Son numerosos los lugares que ahora mismo se me vienen a la cabeza. Pero hay dos que dominan sobre todos ellos, y en ambos casos se trata de playas: Ancoradoiro y Aguieira. Dos arenales maravillosos en sí mismos, pero que se han adherido a mí no por su belleza connatural, sino por las memorables experiencias ligadas a ellos. Lo emocional se impone a lo físico, lo subjetivo reviste a lo objetivo. Lo que me hace pensar en el valor de los recuerdos y en cómo construimos nuestra propia realidad. A menudo, el pasado se nos impone de una forma diferente a como lo vivimos en el momento en que transcurrió. Es curioso como a veces nos emocionamos al revivir situaciones que cuando sucedieron transitamos por ellas con frialdad, incluso con malestar, o sencillamente nos dejaron indiferentes. Y, sin embargo, con el paso del tiempo se nos imponen de manera poderosa con un valor que no hubiéramos previsto en su origen.
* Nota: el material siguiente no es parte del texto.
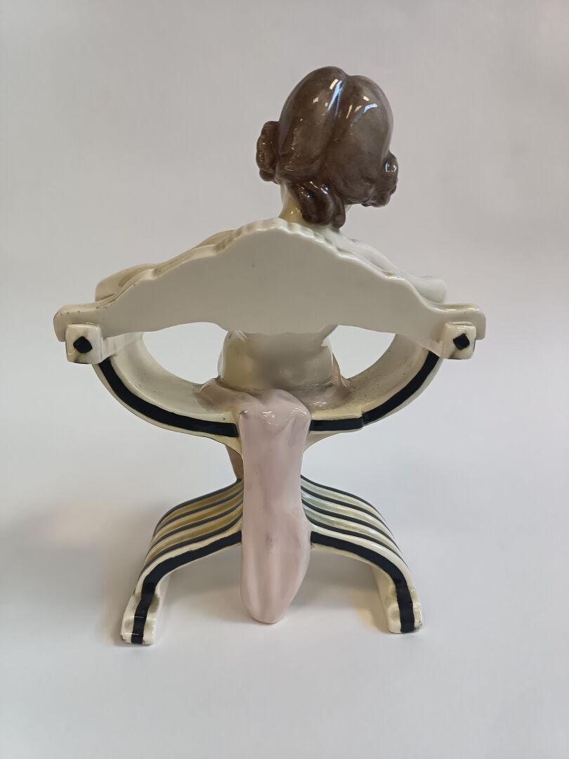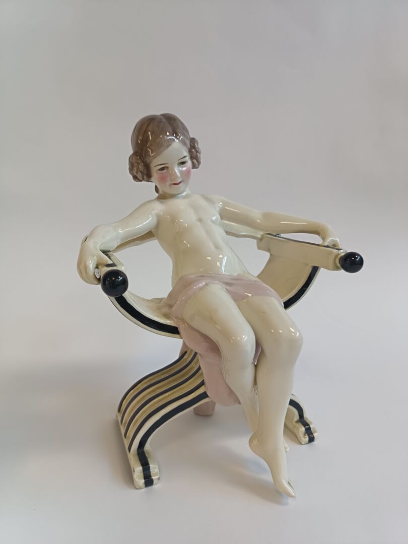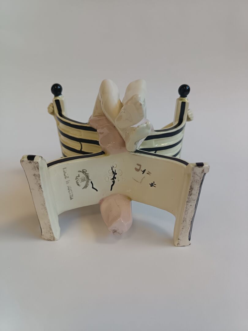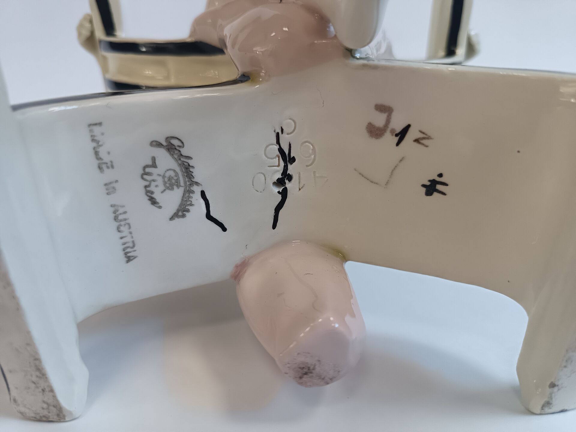Friedrich GOLDSCHEIDER (1845 - 1897), Autriche. "Enfant assis sur une siège curule". Sujet en porcelaine vernissée noir, blanc et beige. Signé "Goldscheider" sous la base. H : 22 cm ; L : 17 cm ; l : 15 cm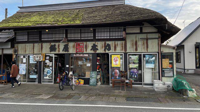 長井市十日町の金物店「鍋屋」は苔むす趣のある茅葺き屋根の古民家でもある。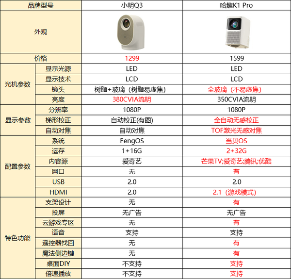 分享一张小明Q3投影仪和哈趣K1 Pro投影仪参数对图,能更清楚看出不同。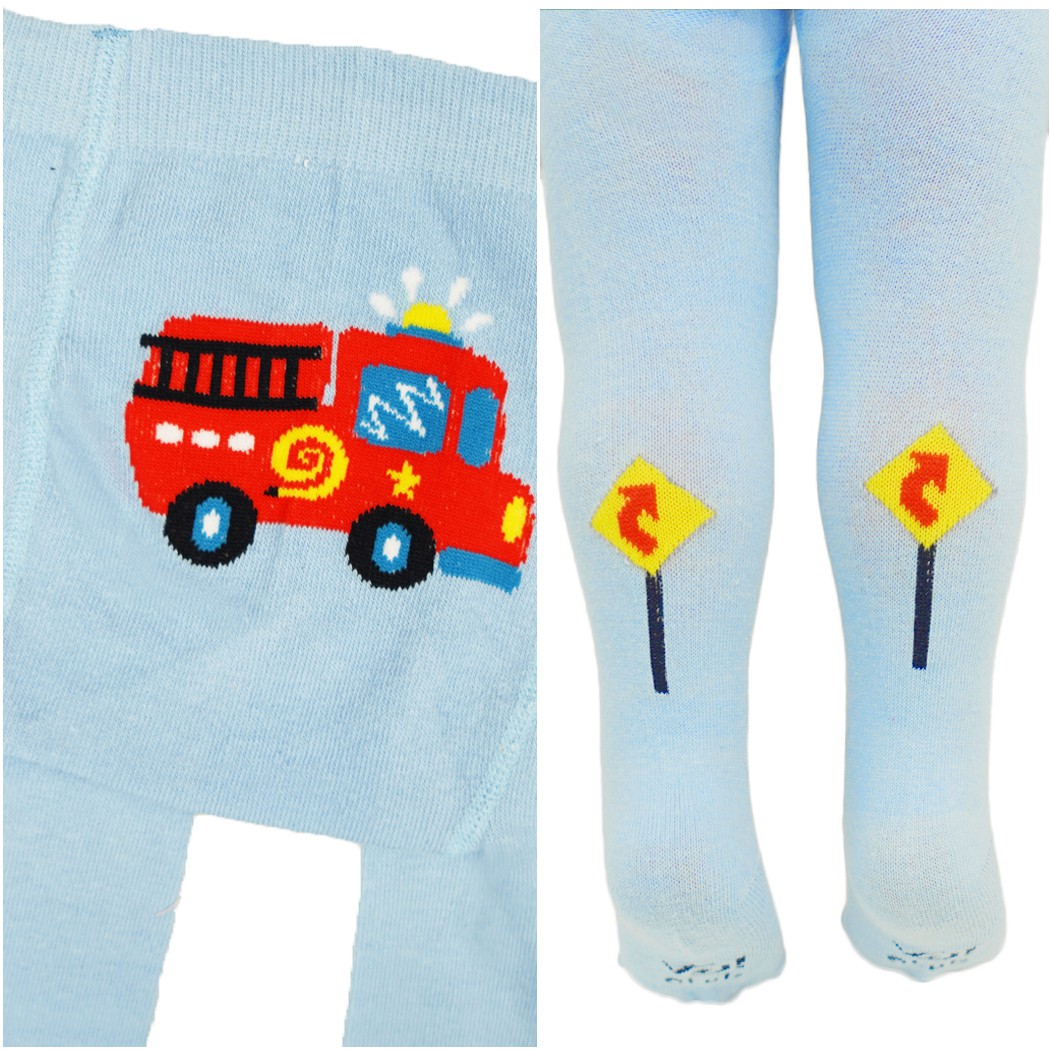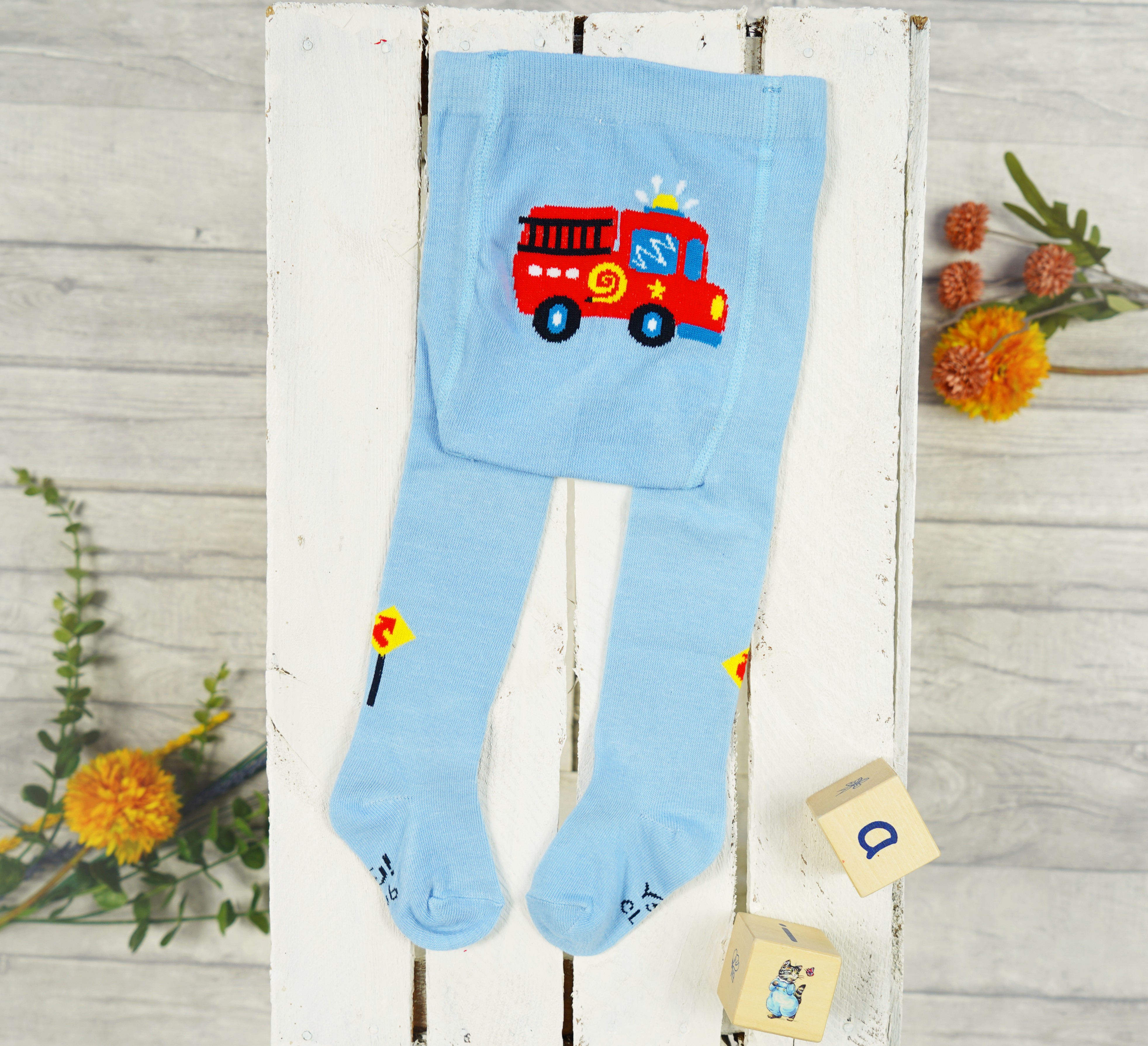 Błękitne rajstopki bawełniane dla chłopca z autem.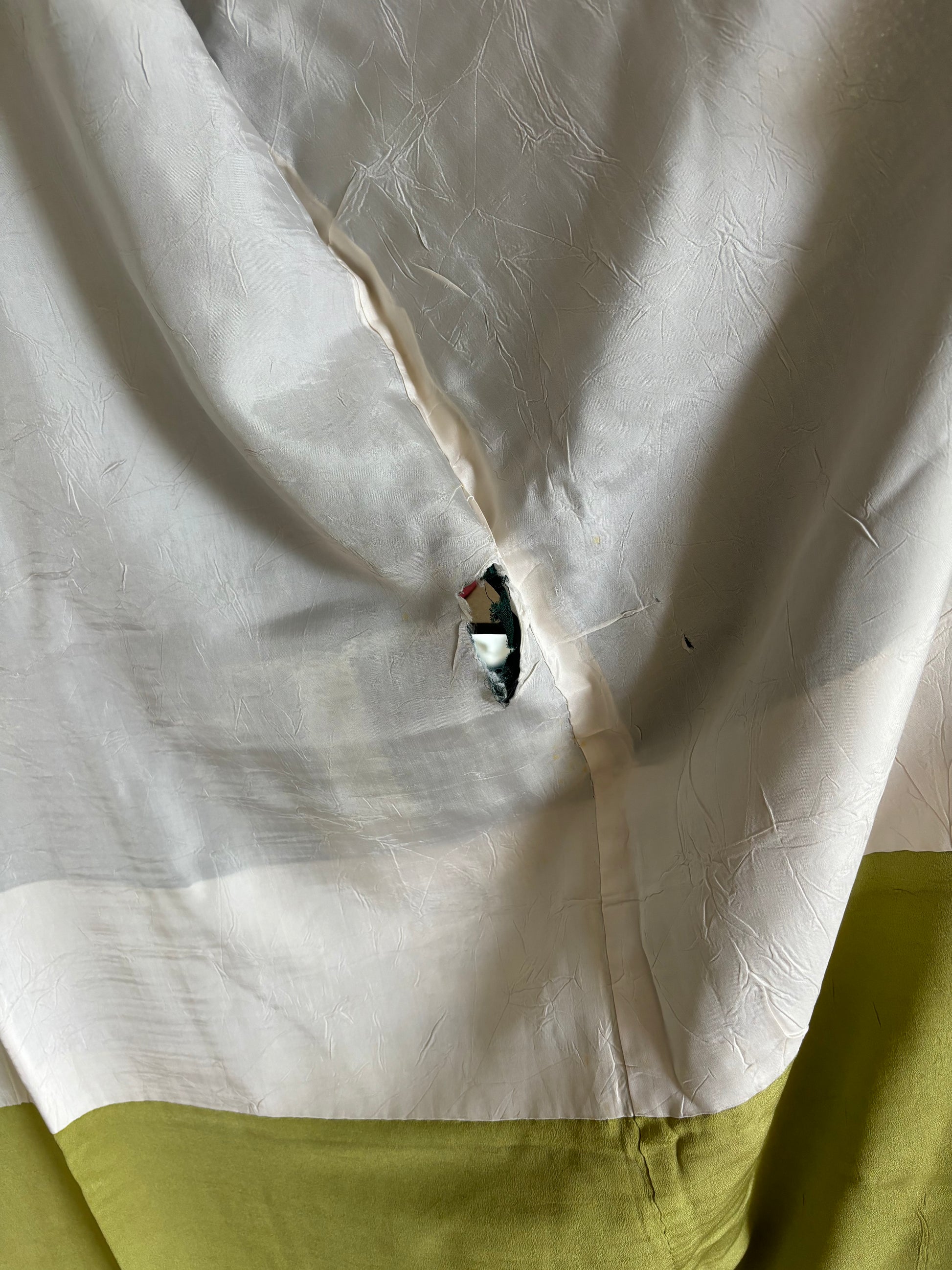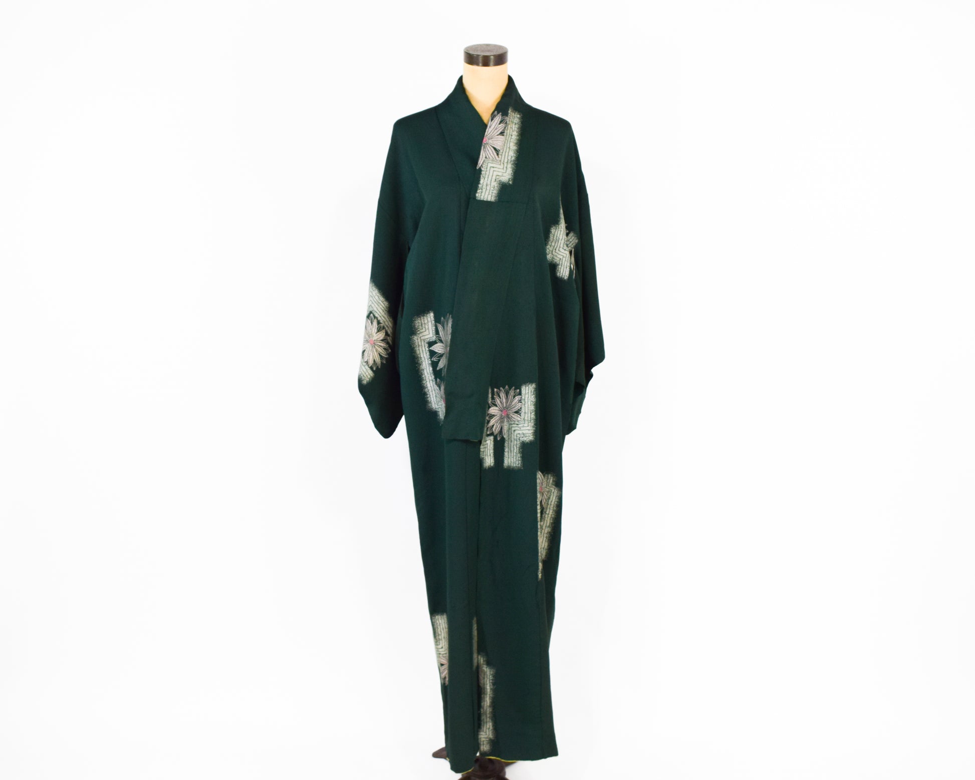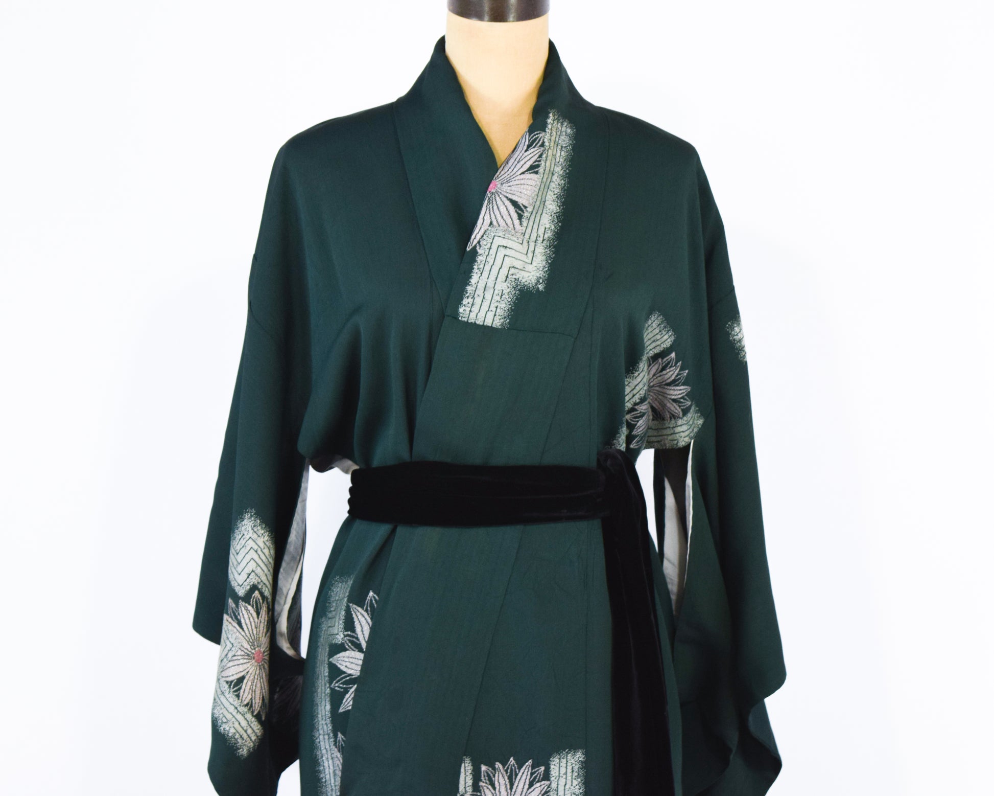 Hunter green and metallic silver floral kimono. Silk lining in chartreuse, white, pink silk. This beauty is not perfect; there is some staining on the lining and one hole in near the hem in the back.

Siempre aplicamos una memoria selectiva sobre nuestro pasado, de forma que recuperamos aquello que nos es útil o da sentido a nuestro presente, y escondemos o dejamos en un segundo plano todo lo demás.

Quiero decir que nuestra vida es, en buena medida, una construcción mental. No es que la realidad carezca de valor, sino que depende de la mirada. Pero la observación nunca es inocente. Estamos llenos de prejuicios que nos hacen ver la vida desde una determinada perspectiva. Y no hablo aquí de “prejuicios” en términos negativos, sino como lo que va quedando, lo permanente, los sedimentos de nuestras vidas, lo que nos hace ser como somos y nos sirve de instrumental para afrontar cada acto de nuestro presente. La realidad no se nos impone, sino que nosotros la moldeamos de acuerdo a nuestras necesidades, intereses, objetivos, temores... La realidad es una determinada percepción de lo que vivimos, y eso es lo que nos hace tan vulnerables. Y tan manipulables. Y que nos equivoquemos con tanta facilidad. Porque acostumbramos a reducir lo nuevo a los esquemas de lo pasado, de lo ya conocido, para evaluarlo de acuerdo a esquemas mentales que ya nos han resultado útiles y en los que nos sentimos cómodos. Pero a menudo eso nos hace perdernos la riqueza de matices de lo nuevo y nos lleva a errar en el juicio de lo que cambia. Por eso, la verdad es siempre el resultado de una tensión continua entre lo objetivo, lo que sucede fuera de nosotros, y la forma en que nosotros lo vemos, interpretamos, juzgamos e interiorizamos.

Y si la vida es una cuestión mental, ¿qué mejor que encarar con la mejor de las predisposiciones la primavera que acabamos de estrenar? Porque el futuro también se escribe en función de nuestras propias expectativas.

18 de marzo de 2011

De la dignidad

A todos nos embarga un hondo sentimiento de pesar y solidaridad por la sucesión de catástrofes que, en una especie de maldición bíblica, han caído sobre el pueblo japonés. Y creo también que a todos nos admira la entereza, la fortaleza con la que han afrontado la tragedia. Nos sorprende que, en el desastre, los ciudadanos respondan en perfecto orden, sin alborotos ni pillajes, y sin derramar una lágrima en público. Nuestras respuestas, las conductas personales, están condicionadas siempre por patrones culturales. Más allá de variaciones individuales, reaccionamos de acuerdo con valores interiorizados a lo largo de nuestra vida y que se han ido decantando a lo largo generaciones. El pueblo japonés (los orientales en general) se ha formado en el autocontrol y en el sometimiento tanto a la tradición como a la autoridad. Esto explica que los japoneses solo lloren en privado, porque mostrar el dolor en público solo sirve para extender la energía negativa hacia los demás. Es una cuestión de dignidad, personal y colectiva.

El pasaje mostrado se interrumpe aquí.